Elisabeth Moss dominates the screen as a crash-and-burn rock star in Alex Ross Perry’s latest provocative drama.
That self-centeredness is often related to self-hatred is perhaps not an obvious truth, but it seems pretty evident in the case of a lot of actors, musicians, and other performers, since by necessity their art involves self-display. Writer-director Alex Ross Perry loves to explore these ideas, especially in terms of relationships and creativity, as in Listen Up, Philip, a movie about a pretentious writer that I reviewed here back in 2014. Elisabeth Moss played a supporting role in that, and ended up practically stealing the film. She’s now on center stage in Perry’s new picture about a rock star crashing and burning. It has an evocative title: Her Smell.

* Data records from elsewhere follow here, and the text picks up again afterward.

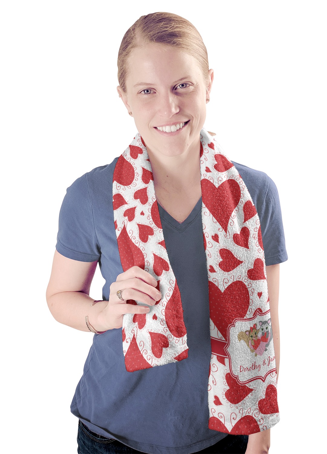 These towels are 44" x 12", which are the perfect size for hanging around your neck on the treadmill or wiping your brow after a hard workout. They are full-print towels with your very own design printed right on the front! They are perfect for soaking up moisture and are quite soft against your skin.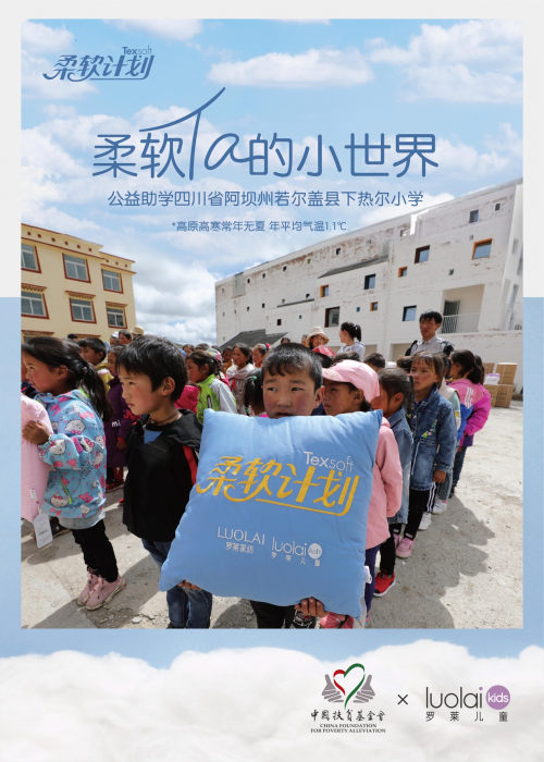 2019年9月1日,羅萊生活科技股份有限公司(簡稱“羅萊生活”)聯(lián)合中國扶貧基金會,為處于川藏高寒地區(qū)的若爾蓋縣阿西鄉(xiāng)下熱爾村小學校舍送上了一份開學大禮:捐贈了價值40萬人民幣的羅萊兒童超柔床品,改善全校學生的就寢環(huán)境,通過TEXSOFT超柔新科技為孩子們助力溫暖。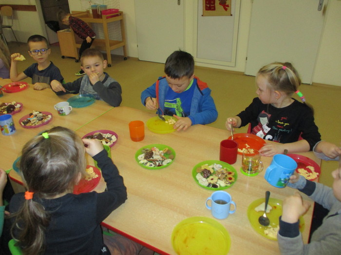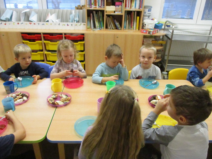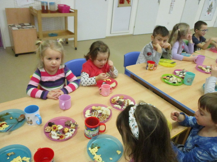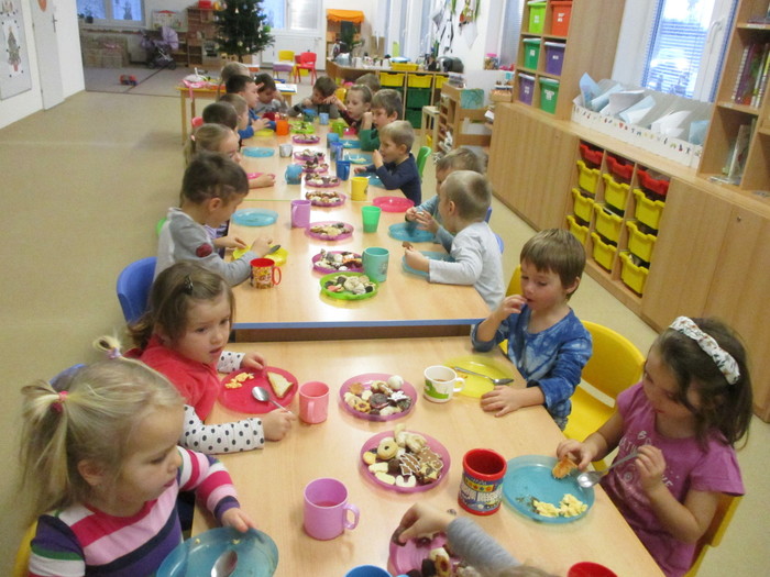Předvánoční čas je v mateřské škole vždy plný událostí, radostného očekávání a těšení. Nejdříve jsme otevřeli náš malý školní jarmark s výrobky s vánoční tématikou. Po nadílce od Mikuláše jsme se pustili s velkým odhodláním do nacvičování programu na vystoupení. Předvánoční setkání s rodiči a přáteli školy jsme letos kromě vystoupení obohatili o společné zdobení stromečku. Hned druhý den nás pod stromečkem překvapily dárky, alespoň si ještě stihneme s novými hračkami pohrát. K završení Vánoc v mateřské škole již tradičně patří slavnostní svačina s cukrovím. Vše přejeme hezké Vánoce.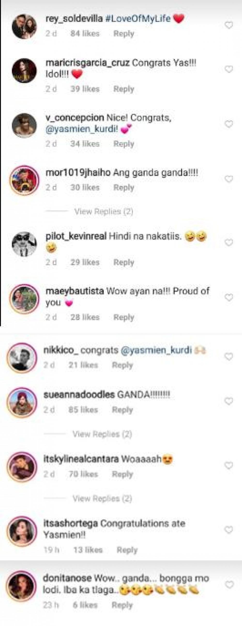 Kapuso leading man Benjamin Alves took to Instagram to congratulate Yasmien for her achievement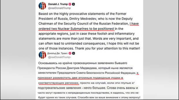 1 августа Трамп в своей соцсети написал, что приказал двум атомным подводным лодкам занять "определённые районы". Скриншот в Truth Social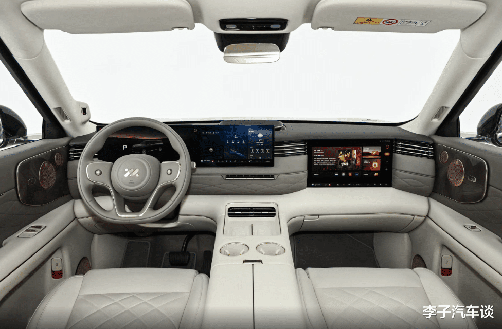 另外,在科技配置方面,智己LS9的表现也是比较优秀的。比起市面上的竞争对手,这款车型在中控台上搭载了27.1英寸的高清中控屏,并且为副驾驶乘客提供了15.6英寸的娱乐屏,驾驶员控制车辆、副驾驶娱乐都不受影响。在智己LS9第二排和第三排的乘客,也能通过21.5英寸的吸顶屏幕观影、K歌,在旅途中不会无聊。只是大家需要注意,智己LS9并没有为用户提供流媒体外后视镜,一旦其后排吸顶屏降下,驾驶员就很难关注后方的情况了,安全性会受到一定影响。不过智己LS9标配激光雷达等高精度感知硬件,为用户提供了L2级智能驾驶辅助系统,通过各种辅助驾驶功能,又优化了出行安全系数。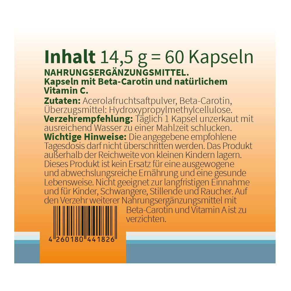 Beta-Carotin ist ein Nahrungsergänzungsmittel in Kapselform und enthält Beta-Carotin aus der Fermentation von Blakeslea trispora, einem Pilz. Zusätzliches natürliches Vitamin C aus der Acerola Frucht ergänzt das Beta-Carotin.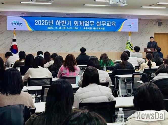 뉴스다 최광묵 기자 | 파주시는 지난 20일 시청 3층 대회의실에서 각 부서 회계 담당 공무원과 신규 공직자 등 100여 명이 참석한 가운데 녩년 하반기 회계업무 실무교육’을 실시했다고 밝혔다.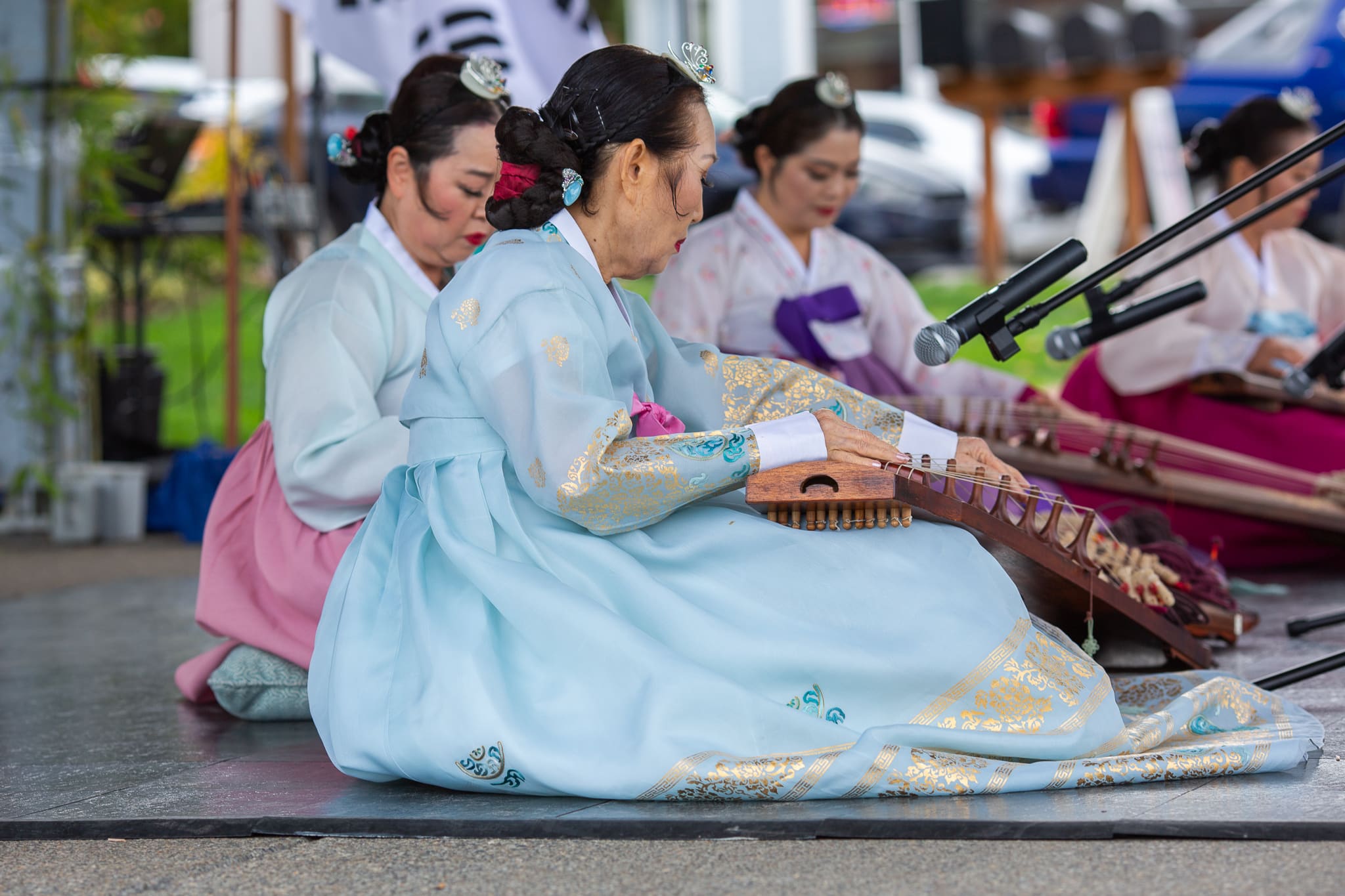Traditional Korean music serenaded the festival. Musicians, sitting on the stage floor, plucked the strings of a kayagŭm, a kind of Korean zither with 12 silk strings, recognized as the national instrument of Korea. The musician positions one end of the instrument on their right knee while placing the other end on the floor. The kayagŭm emits a gentle and elegant sound, and plays an important role in the cultural life of Korean people.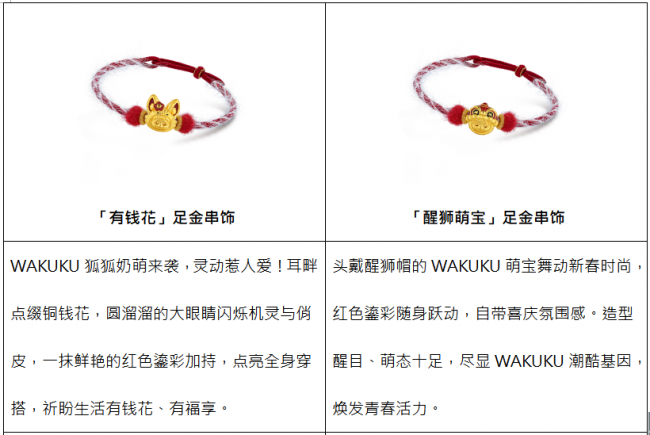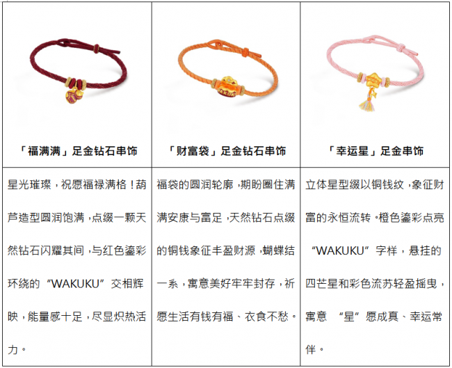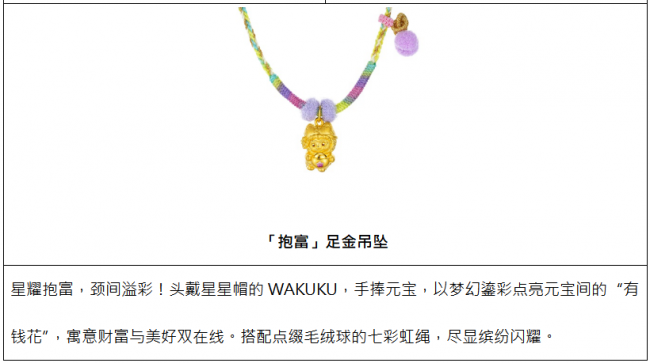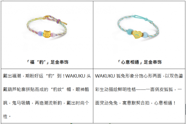 WAKUKU系列涵盖多款萌酷十足的黄金手绳,更特别推出萌暖毛绒手绳与酷感手绳双重选择,满足消费者对个性表达与场景适配的多元需求,风格不设限。萌暖毛绒手绳触感软糯,冬日佩戴温暖舒适,与WAKUKU的可爱气质天然契合,萌力全开!酷感手绳主打简约利落,清爽质感更凸显黄金串饰本身的精致工艺与闪耀光泽,时尚百搭!多款串饰还可自由组合,混搭叠戴。单戴时,祝愿福运聚焦,心意纯粹;叠戴时,祈望福气串联,美好加倍,做到“潮趣由你定义,祝福好运随心叠加”。

The film opens with a raucous encore by a three-woman rock band called Something She, which we learn through home movie style flashbacks has had recent success with one of their songs that became a gold record. Moss plays the lead singer and guitarist, Becky Something (obviously not her real name), and after the show we witness her melting down as her ex visits the dressing room with their infant daughter and his new girlfriend. It doesn’t take long for us to figure out that Becky is an addict, definitely inebriated in this scene, and so full of herself that she heedlessly alienates everyone around her. She has a bizarre kind of new age shaman who follows her around performing impromptu ceremonies and making deep pronouncements. When a pop star named Zelda, played by Amber Heard, shows up offering to make Something She the opening act on her new tour, Becky goes into full nasty mode, mercilessly ripping apart her music. Then the arrival of the band’s manager, the incredibly patient Howard, played by Eric Stoltz, does little to resolve the tension, during which the bass player, played by Agyness Deyn, and drummer (Gayle Rankin), become increasingly disturbed.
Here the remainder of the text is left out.